--- PROMPT ---
Reproduce all the records word for word. Omit images.

--- EXTRACTED DATA ---
----------------------------------------

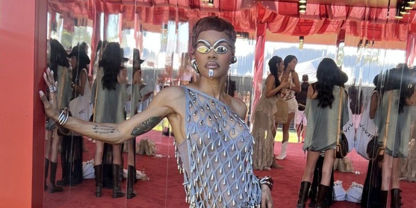 “Gola” haljina koju je ponela je zapravo bila kombinacija bodija podignutog visoko iznad kukova i metalne mreže koju je nosila preko njega. Cela kreacija bila je dodatno ukrašena srebrnim detaljima koji su podsećali na kapljice vode, što je autfitu dalo futuristički i efektan izgled.
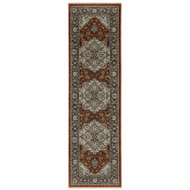2 X 8 Blue Beige Grey Gold Green And Rust Red Oriental Power Loom Stain
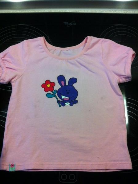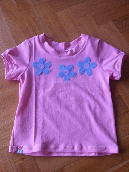 Cca před měsícem jsem sem dala triko s aplikacema z krepžoržetu, o kterém jsem básnila, jak je na tyto kytky super...po asi patero vyprání tam smutně visely jen tři chlupy, všechno se to vytřepilo ven 🙂 . A taky byl moc volný rantl okolo krku...takže dnešní renovace trička dopadla takto. Ještě to musím vyprat, mám tam fleky od průklepáku 😉
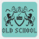 Design représentant un blason héraldique par l'art des pixels. L'écu est soutenu par des lions endémiques. Il y a aussi les mots : Old School. Un autocollant pour les nerds et les geeks
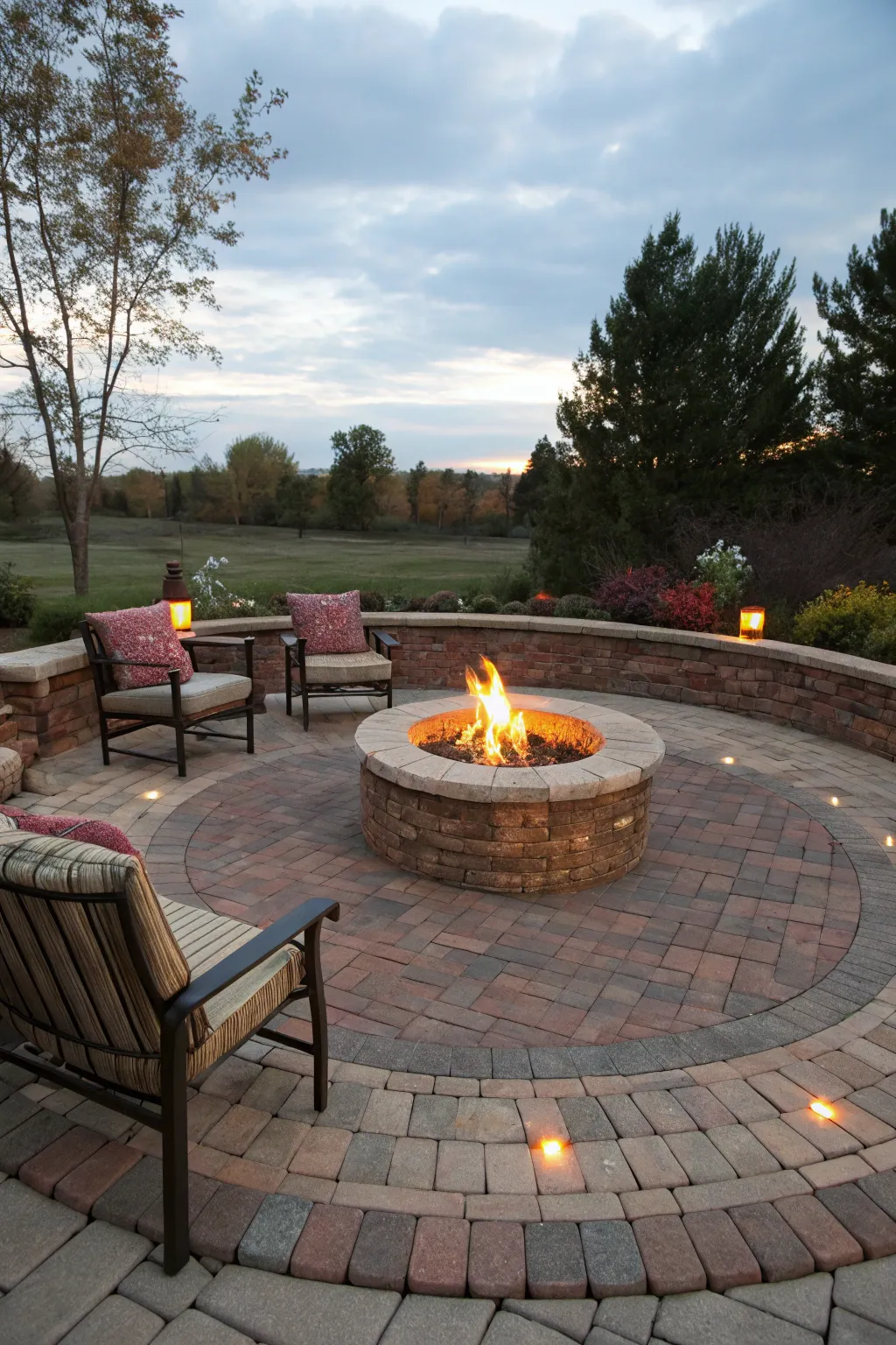 Design a circular blockwork area encompassing a bonfire pit for cozy gatherings. I adore how it organically becomes the heart of social events, inviting warmth and conversation.
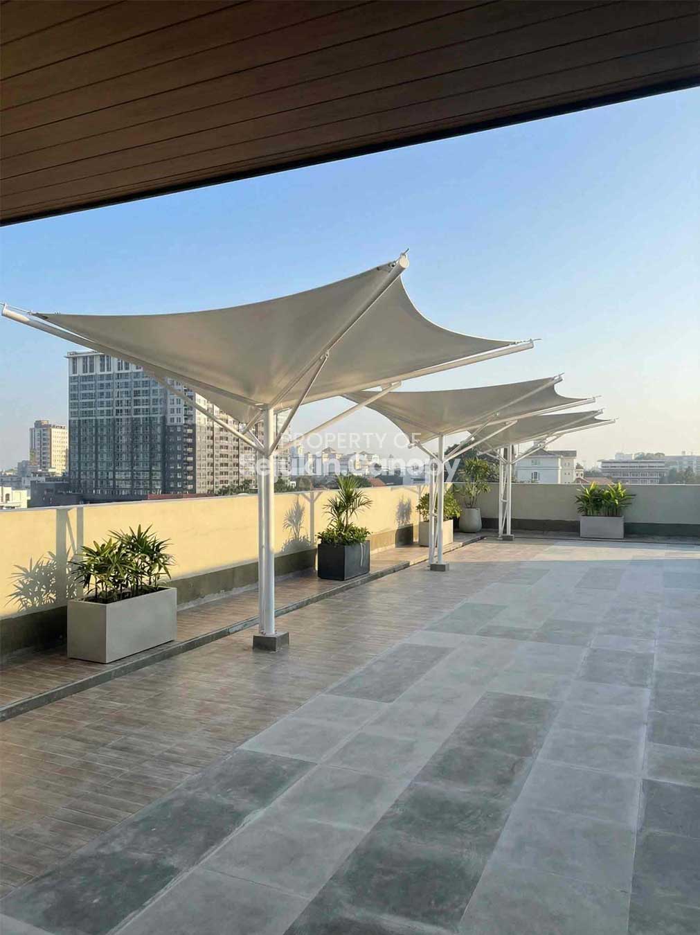 Canopy premium dengan bahan membrane tensile yang kuat, modern, dan memberikan kesan arsitektur mewah. Tahan panas dan cocok untuk area luas seperti taman, kolam renang, atau fasilitas publik.

----------------------------------------

--- SOLVED PROBLEM ---
 “Gola” haljina koju je ponela je zapravo bila kombinacija bodija podignutog visoko iznad kukova i metalne mreže koju je nosila preko njega. Cela kreacija bila je dodatno ukrašena srebrnim detaljima koji su podsećali na kapljice vode, što je autfitu dalo futuristički i efektan izgled.
2 X 8 Blue Beige Grey Gold Green And Rust Red Oriental Power Loom Stain
 Cca před měsícem jsem sem dala triko s aplikacema z krepžoržetu, o kterém jsem básnila, jak je na tyto kytky super...po asi patero vyprání tam smutně visely jen tři chlupy, všechno se to vytřepilo ven 🙂 . A taky byl moc volný rantl okolo krku...takže dnešní renovace trička dopadla takto. Ještě to musím vyprat, mám tam fleky od průklepáku 😉
 Design représentant un blason héraldique par l'art des pixels. L'écu est soutenu par des lions endémiques. Il y a aussi les mots : Old School. Un autocollant pour les nerds et les geeks
 Design a circular blockwork area encompassing a bonfire pit for cozy gatherings. I adore how it organically becomes the heart of social events, inviting warmth and conversation.
 Canopy premium dengan bahan membrane tensile yang kuat, modern, dan memberikan kesan arsitektur mewah. Tahan panas dan cocok untuk area luas seperti taman, kolam renang, atau fasilitas publik.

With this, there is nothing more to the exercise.